Today, the genes responsible for the majority of Mendelian disorders are known. The Online Mendelian Inheritance in Man (OMIM; http://www.ncbi.nlm.nih.gov/omim/) database lists 2517 Mendelian phenotypes with known and 1741 with unknown molecular basis. This success is mainly due to the power of linkage analysis which allowed the genetic mapping of diseases to narrow genomic intervals that, even before the availability of the genome sequence, could be readily investigated for the presence of genes and mutations responsible for each disease. This valuable tool, however, proved much less effective for more common and genetically more complex disorders including psychiatric disorders. The need for more powerful tools for molecular genetic analysis became obvious and the importance of developing such tools was clear given the public health impact of these disorders. The human genome project was the first big step towards the development of technologies and tools that today allow for the successful genetic investigation of complex phenotypes. In the post-genomic era the importance of understanding such phenotypes provides the major motivation driving the emergence of new technologies. There have been many scientific breakthroughs in genetics in the last century, however, when it comes to technological breakthroughs, this is undoubtedly one of the most significant times in the history of genetics.

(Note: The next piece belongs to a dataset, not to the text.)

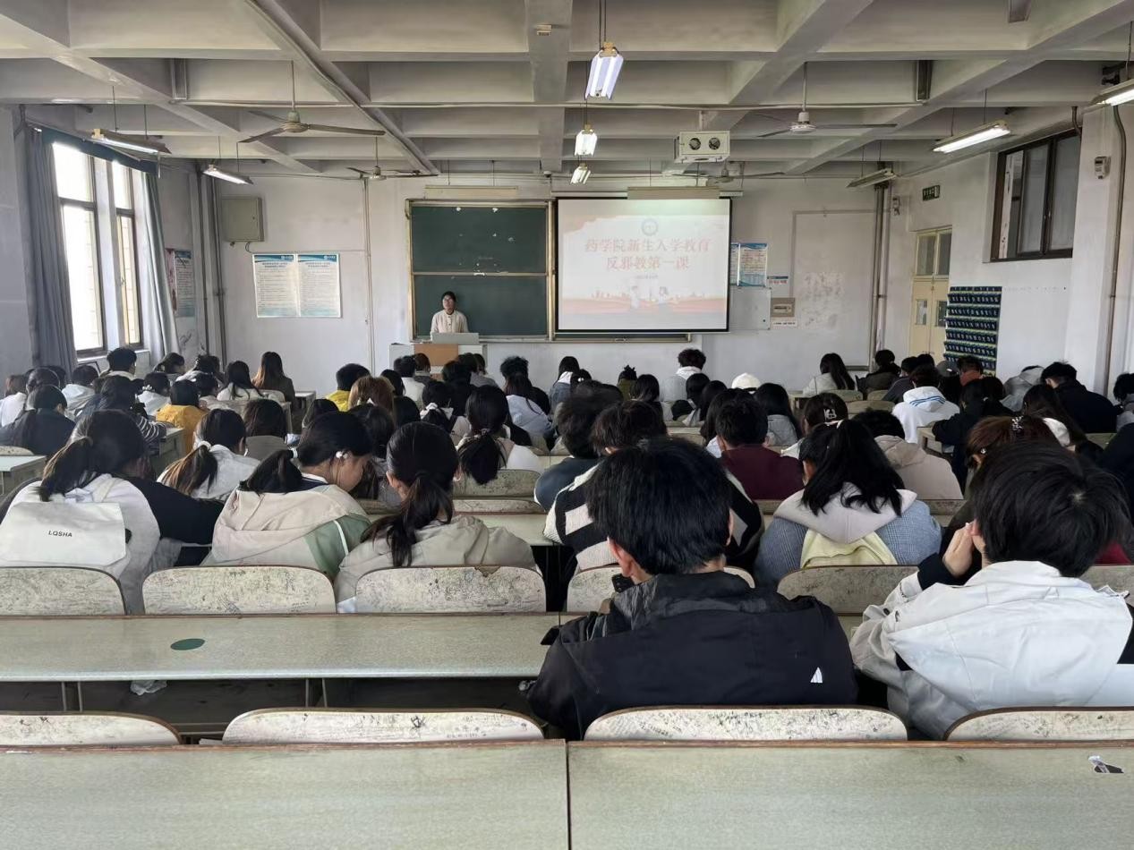 加强思想政治教育,筑牢思想防线。11月11日,药学院以新生入学教育为契机,于体育楼414教室开展“反邪教第一课”专题教育活动,全体2025级新生参加。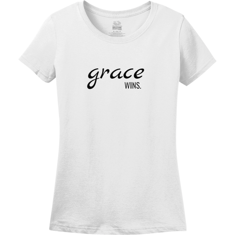 Order screen printed grace wins t-shirts online. Printed christian T-shirts are perfect for your youth group event or your bible camp. Best of all, when you order with Create A Shirt, you get an easy online designer, full visibility tracking, and there are no minimum orders. This T-shirts is manufactured by fruit of the loom, and made with 100% cotton.

The human genome project was launched by the National Institutes of Health, the Department of Energy and international partners in 1990 and reached its first major landmark with the publication of a first working draft of the human genome in 2001 (1). The simultaneous publication of a genome draft from a parallel genome project outside the public sector (2) highlighted the tremendous technological advances that made possible ahead of schedule what originally seemed to many an overambitious undertaking. The availability of the human and other genomes subsequently led to renewed interest and further advances in the field of population genetics and provided new tools and information for the study of polymorphism, recombination, linkage disequilibrium and genetic association leading to knowledge that has been instrumental for the study of complex disorders.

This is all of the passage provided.